The probability of profit (PoP) for the strategy is calculated based on the distribution of estimated prices of the underlying asset on the user-defined target date. Specifically, for the price range in the payoff where the strategy generates profit, the PoP represents the probability that the stock price will fall within that range. This distribution of underlying asset prices on the target date can be lognormal, log-Laplace, or derived from the Black-Scholes model. Additionally, the distribution can be obtained through simulations (e.g., Monte Carlo) or machine learning models.
Despite the code having been developed with option strategies in mind, it can also be used for strategies that combine options with stocks and/or take into account the profits or losses of closed trades.
If you have any questions, corrections, comments or suggestions, just drop a message. You can also reach me on Linkedin.
Installation
The easiest way to install OptionLab is using pip:
pip install optionlab
Basic usage
Usage examples for several strategies can be found in the examples directory.
To evaluate an option strategy, you need to import the Strategy class from the strategy module and instantiate it:
from optionlab.strategy import Strategy
st=Strategy()
Next, you need to pass the input data to the getdata() method of the newly created Strategy object.

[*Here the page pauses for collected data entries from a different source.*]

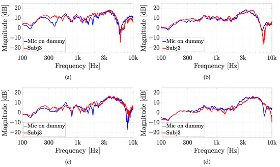 Experiment 2: HRTFs comparison of subject 3 with (a,b) the Knowles microphone and (c,d) the Sennheiser microphone for (a,c) , and (b,d) and a fixed elevation of . The measurements are compared with the same microphone on the dummy ear.
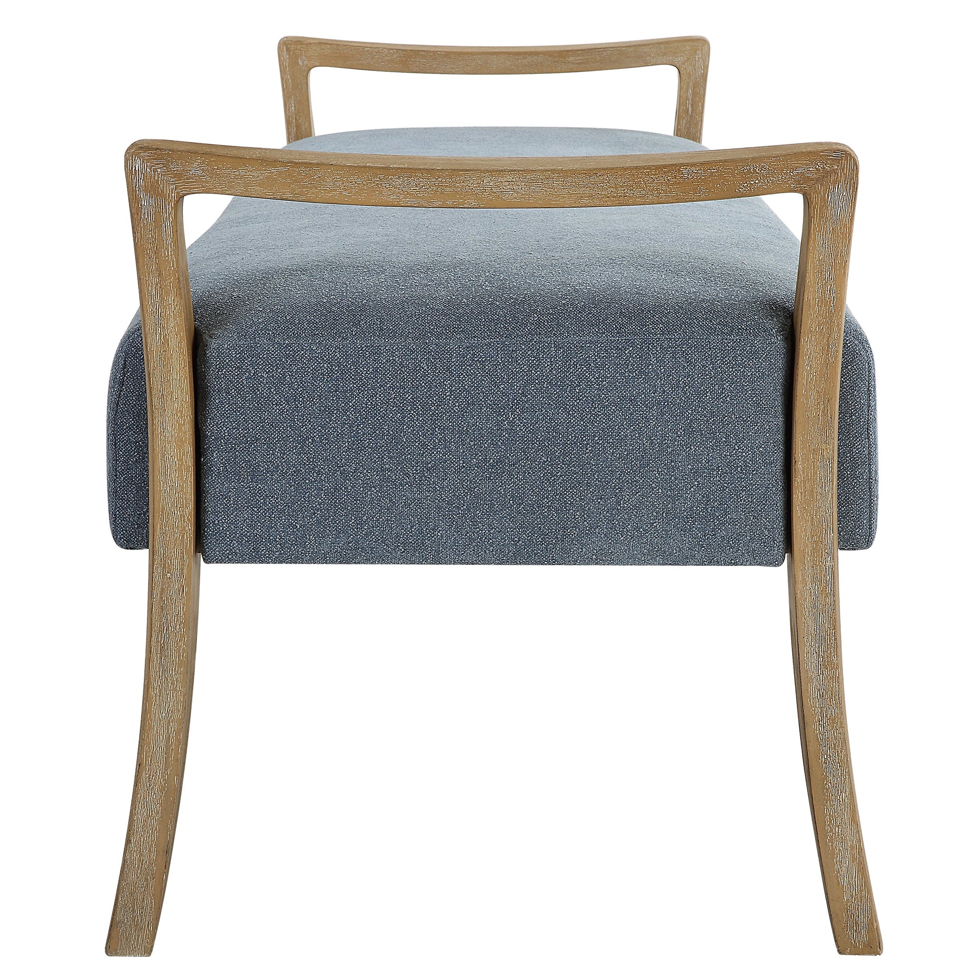إطار خشبي صلب منحني بلطف بلمسة نهائية من خشب البلوط الطبيعي يحيط بالمقعد الواسع المصنوع من البوليستر الأزرق السماوي.
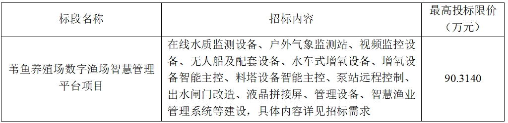 (6)项目标段划分:苇鱼养殖场数字渔场智慧管理平台项目共划分1个标段,标段信息如下:
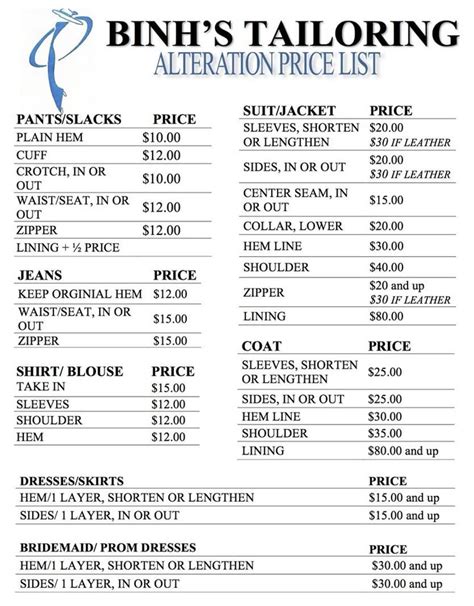 tailoring items list pdf
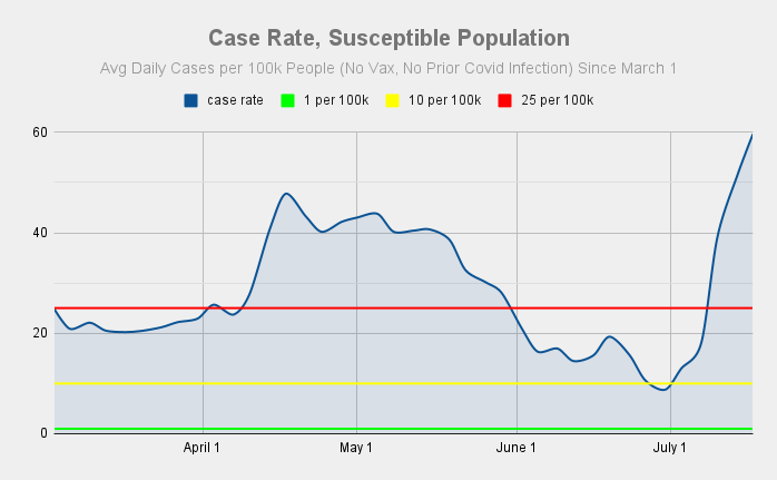 Here's the infection rate, which has risen from 0.76 at the end of May to 0.98 as of a week ago and are likely up to 1.09 now.
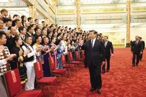 演出開始前,習近平等黨和國家領(lǐng)導人會見了文藝會演演職人員代表、組委會成員、56個民族的優(yōu)秀基層黨員代表等,并同他們合影留念。
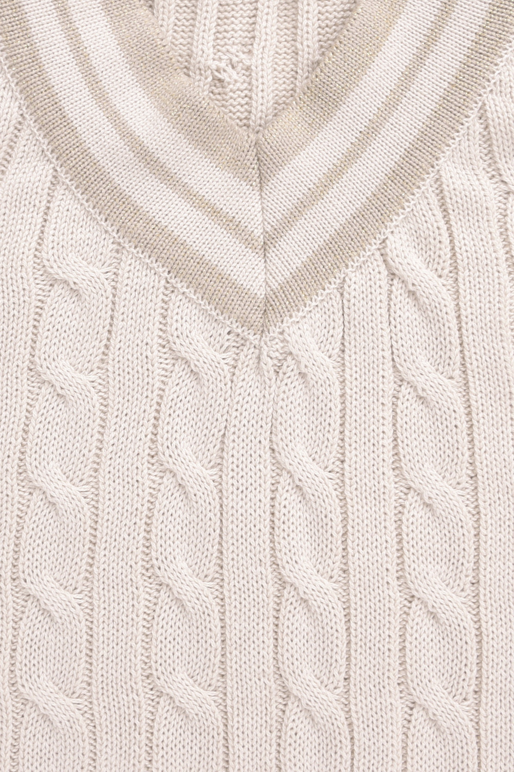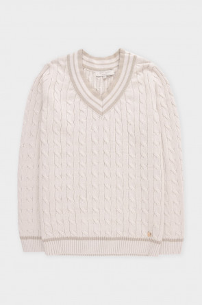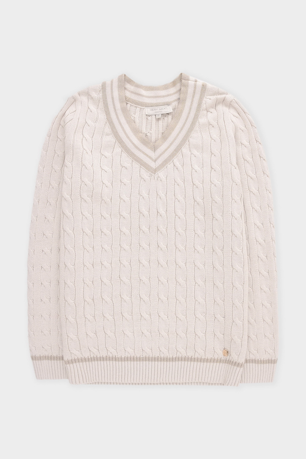 Хлопковый джемпер дополняет классический вырез, а вязка косами элегантно завершает изделие. Джемпер прошел дополнительную обработку по итальянской технологии, это гарантирует минимальную усадку во время носки. Акрил в составе не позволяет изделию пилинговаться.
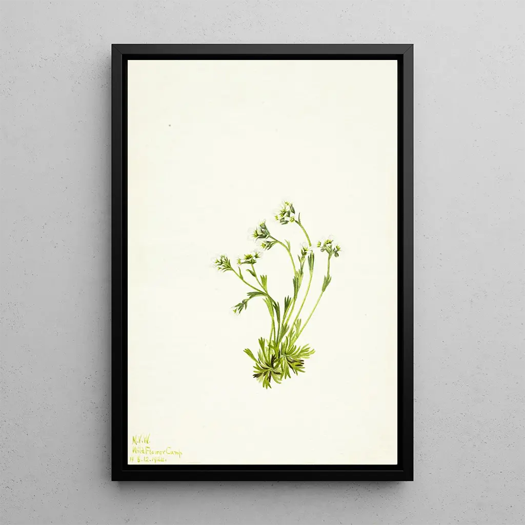 La taidegrafiikka Saxifrage Saxifraga caespitosa johdattaa meidät herkkään kukkivaan maailmaan, jossa jokainen yksityiskohta on huolellisesti huomioitu. Vihreät ja valkoiset sävyt sulautuvat harmonisesti, viitaten vuorten raikkauteen. Vesiväritekniikka, jota käyttää Mary Vaux Walcott, antaa tälle teokselle keveyttä ja läpinäkyvyyttä, jotka vangitsevat valon ainutlaatuisella tavalla. Tämän kankaan välittämä tunnelma on rauhoittava, kutsuen katsojaa ihailemaan luonnon ihmeitä. Jokainen terälehti tuntuu värähtelevän tuulen huminassa, luoden intiimin yhteyden katsojan ja luonnon välillä.
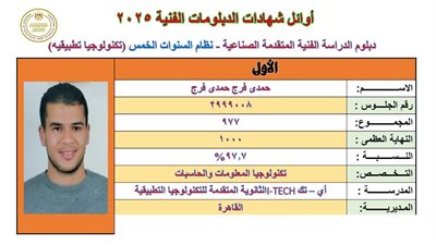 لحظة امتزجت فيها الدهشة بالفرحة، عبر الطالب حمدي فرج حمدي فرج، الحاصل على المركز الأول من أوائل شهادات الدبلومات الفنية، من محافظة القاهرة
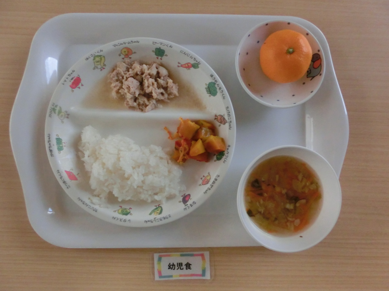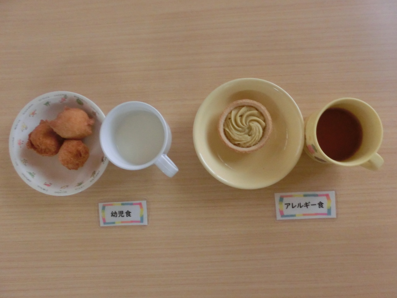 今日のおやつはアップル風船ドーナツです。りんごのおいしい季節になりました。りんごをすりおろして、生地に混ぜ込んで油で揚げています。ビタミン、ミネラル、カリウム食物繊維も豊富なりんごを使った子どもたちにも先生たちにも人気のおやつです。
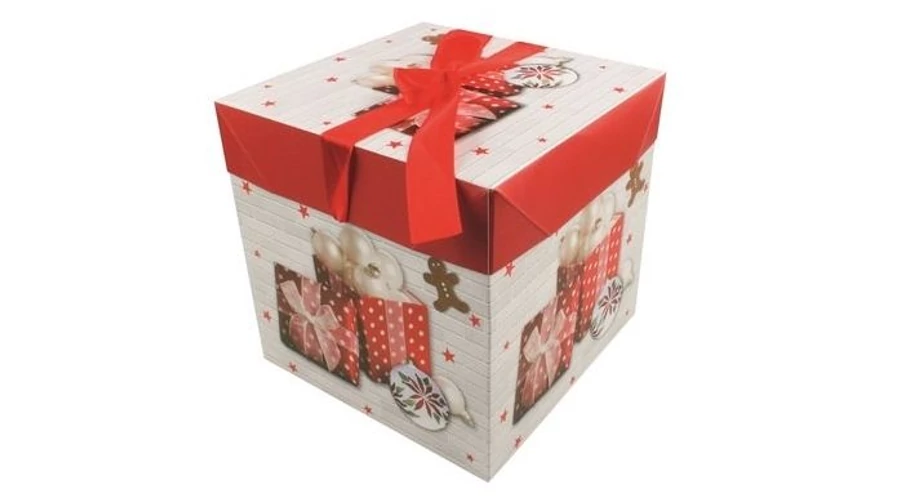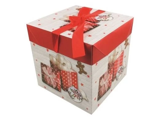Összecsukható ajándékdoboz masnival és karácsonyi motívumokkal.
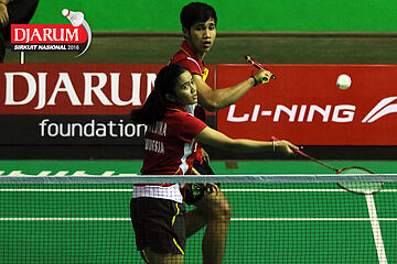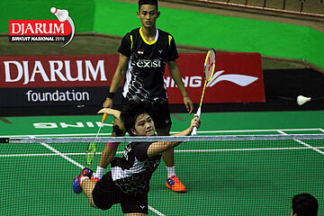 Denny Surya/Aldika Fanisha (Semen Gresik) menyambut pengembalian
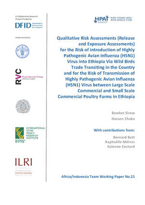 Siraw, B., Chaka, H., Bett, B., Métras, R. and Costard, S. 2009. Qualitative risk assessments (release and exposure assessments) for the risk of introduction of highly pathogenic avian influenza (H5N1) virus into Ethiopia via wild birds trade transiting in the country and for the risk of transmission of highly pathogenic avian influenza (H5N1) virus between large scale commercial and small scale commercial poultry farms in Ethiopia. HPAI Africa/Indonesia Team Working Paper 21 Washington DC: IFPRI. https://hdl.handle.net/10568/487

This method accepts the following parameters:
-
stockprice : float
Spot price of the underlying.
-
volatility : float
Annualized volatility.
-
interestrate : float
Annualized risk-free interest rate.
-
minstock : float
Minimum value of the stock in the stock price domain.
-
maxstock : float
Maximum value of the stock in the stock price domain.
-
strategy : list
A Python list containing the strategy legs as Python dictionaries (see below).
-
dividendyield : float, optional
Annualized dividend yield. Default is 0.0.
-
profittarg : float, optional
Target profit level. Default is None, which means it is not calculated.
-
losslimit : float, optional
Limit loss level. Default is None, which means it is not calculated.
-
optcommission : float
Broker commission for options transactions. Default is 0.0.
-
stockcommission : float
Broker commission for stocks transactions. Default is 0.0.
-
compute_the_greeks : logical, optional
Whether or not Black-Scholes formulas should be used to compute the Greeks. Default is False.
-
compute_expectation : logical, optional
Whether or not the strategy's average profit and loss must be computed from a numpy array of random terminal prices generated from the chosen distribution. Default is False.
-
use_dates : logical, optional
Whether the target and maturity dates are provided or not. If False, the number of days remaining to the target date and maturity are provided. Default is True.
-
discard_nonbusinessdays : logical, optional
Whether to discard Saturdays and Sundays (and maybe holidays) when counting the number of days between two dates. Default is True.
-
country : string, optional
Country for which the holidays will be considered if discard_nonbusinessdyas is True. Default is "US".
-
startdate : string, optional
Start date in the calculations, in "YYYY-MM-DD" format. Default is "". Mandatory if use_dates is True.
-
targetdate : string, optional
Target date in the calculations, in "YYYY-MM-DD" format. Default is "". Mandatory if use_dates is True.
-
days2targetdate : integer, optional
Number of days remaining until the target date. Not considered if use_dates is True. Default is 30 days.
-
distribution : string, optional
Statistical distribution used to compute probabilities. It can be "black-scholes", "normal", "laplace" or "array". Default is "black-scholes".
-
nmcprices : integer, optional
Number of random terminal prices to be generated when calculationg the average profit and loss of a strategy. Default is 100,000.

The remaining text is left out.